__PROBLEM STATEMENT__
Below are entries; repeat exactly, and nothing else, the lines from the one holding "samodzielności i kreatywności." through the one holding "Журнал инструктажа по", inclusive. Leave the pictures out.

__THE DATA__
- - -
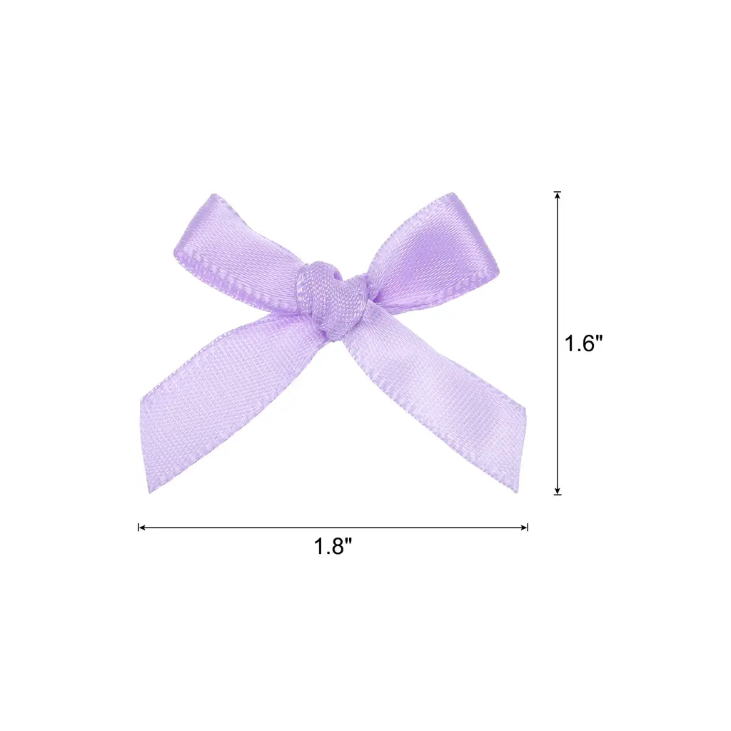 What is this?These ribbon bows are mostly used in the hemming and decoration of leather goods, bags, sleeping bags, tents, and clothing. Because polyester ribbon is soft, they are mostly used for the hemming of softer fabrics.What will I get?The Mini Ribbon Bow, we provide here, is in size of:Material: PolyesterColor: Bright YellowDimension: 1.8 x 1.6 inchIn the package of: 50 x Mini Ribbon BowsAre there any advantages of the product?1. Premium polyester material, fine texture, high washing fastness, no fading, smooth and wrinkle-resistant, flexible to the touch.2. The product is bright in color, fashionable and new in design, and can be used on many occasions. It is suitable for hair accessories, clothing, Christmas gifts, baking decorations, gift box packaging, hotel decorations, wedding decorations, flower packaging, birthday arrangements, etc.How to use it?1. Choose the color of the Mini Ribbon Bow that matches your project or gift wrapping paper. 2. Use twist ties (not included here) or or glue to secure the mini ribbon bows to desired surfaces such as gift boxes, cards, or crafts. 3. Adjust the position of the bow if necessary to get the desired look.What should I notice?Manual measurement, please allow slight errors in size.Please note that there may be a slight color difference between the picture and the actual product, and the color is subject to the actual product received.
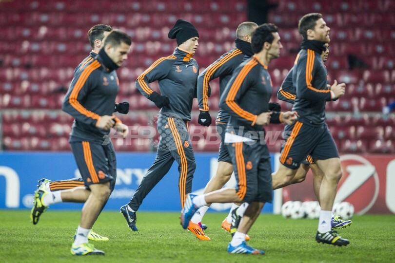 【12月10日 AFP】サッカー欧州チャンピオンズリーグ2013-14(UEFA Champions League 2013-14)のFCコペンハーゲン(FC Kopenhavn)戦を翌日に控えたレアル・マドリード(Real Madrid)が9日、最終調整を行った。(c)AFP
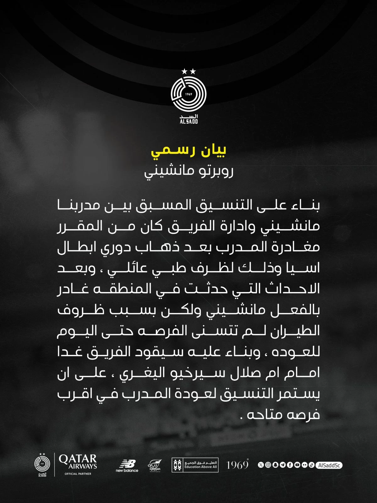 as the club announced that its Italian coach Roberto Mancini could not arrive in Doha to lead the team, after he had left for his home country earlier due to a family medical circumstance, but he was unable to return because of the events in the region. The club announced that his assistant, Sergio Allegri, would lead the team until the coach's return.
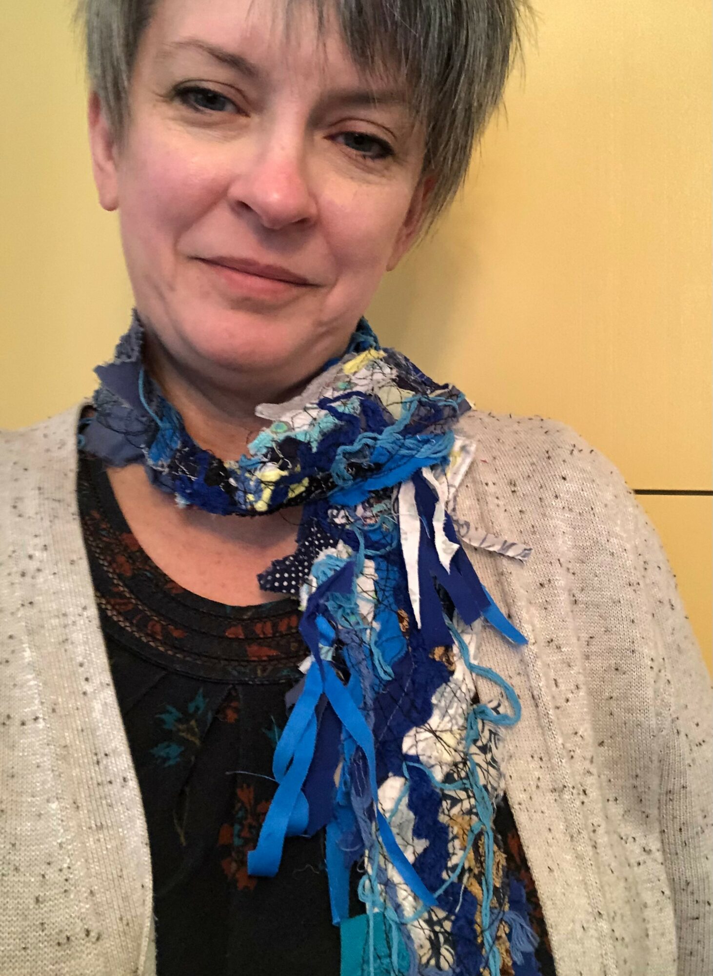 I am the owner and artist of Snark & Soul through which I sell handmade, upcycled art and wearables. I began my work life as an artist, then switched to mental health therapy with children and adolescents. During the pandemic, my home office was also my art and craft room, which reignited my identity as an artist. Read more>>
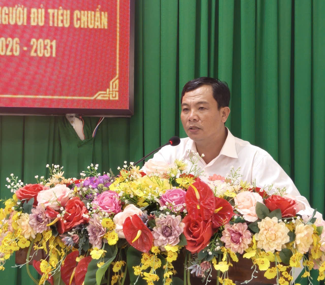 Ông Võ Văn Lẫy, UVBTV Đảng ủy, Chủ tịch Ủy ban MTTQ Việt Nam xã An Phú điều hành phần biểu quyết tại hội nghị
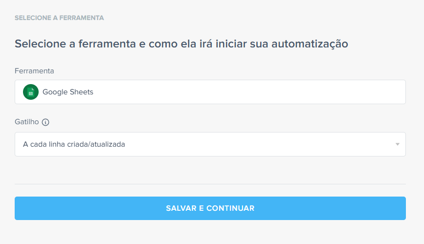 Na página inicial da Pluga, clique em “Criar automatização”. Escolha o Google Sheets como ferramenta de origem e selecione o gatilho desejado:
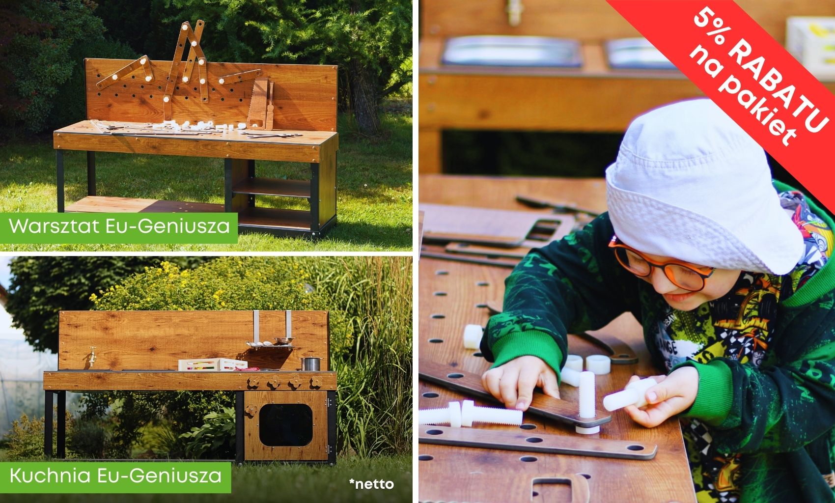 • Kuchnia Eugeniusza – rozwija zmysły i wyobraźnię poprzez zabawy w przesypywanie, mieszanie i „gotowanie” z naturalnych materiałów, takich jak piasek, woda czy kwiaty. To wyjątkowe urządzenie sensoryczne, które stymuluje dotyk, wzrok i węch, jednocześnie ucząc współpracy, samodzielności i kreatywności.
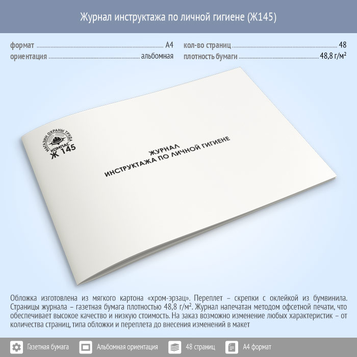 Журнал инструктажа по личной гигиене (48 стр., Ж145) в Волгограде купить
- - -
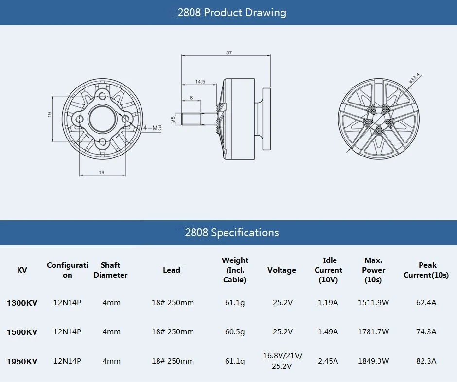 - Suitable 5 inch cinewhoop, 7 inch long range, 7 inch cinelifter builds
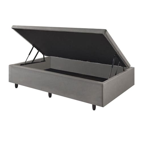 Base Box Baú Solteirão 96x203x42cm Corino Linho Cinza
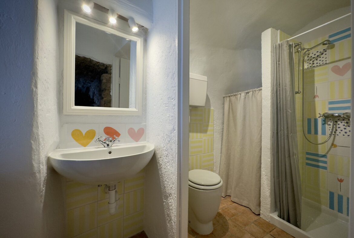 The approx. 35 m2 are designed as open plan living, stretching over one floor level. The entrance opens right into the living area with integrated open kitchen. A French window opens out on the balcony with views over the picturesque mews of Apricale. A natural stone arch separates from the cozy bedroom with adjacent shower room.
- - -
__THE COMPLETED TASK__
 • Kuchnia Eugeniusza – rozwija zmysły i wyobraźnię poprzez zabawy w przesypywanie, mieszanie i „gotowanie” z naturalnych materiałów, takich jak piasek, woda czy kwiaty. To wyjątkowe urządzenie sensoryczne, które stymuluje dotyk, wzrok i węch, jednocześnie ucząc współpracy, samodzielności i kreatywności.
 Журнал инструктажа по личной гигиене (48 стр., Ж145) в Волгограде купить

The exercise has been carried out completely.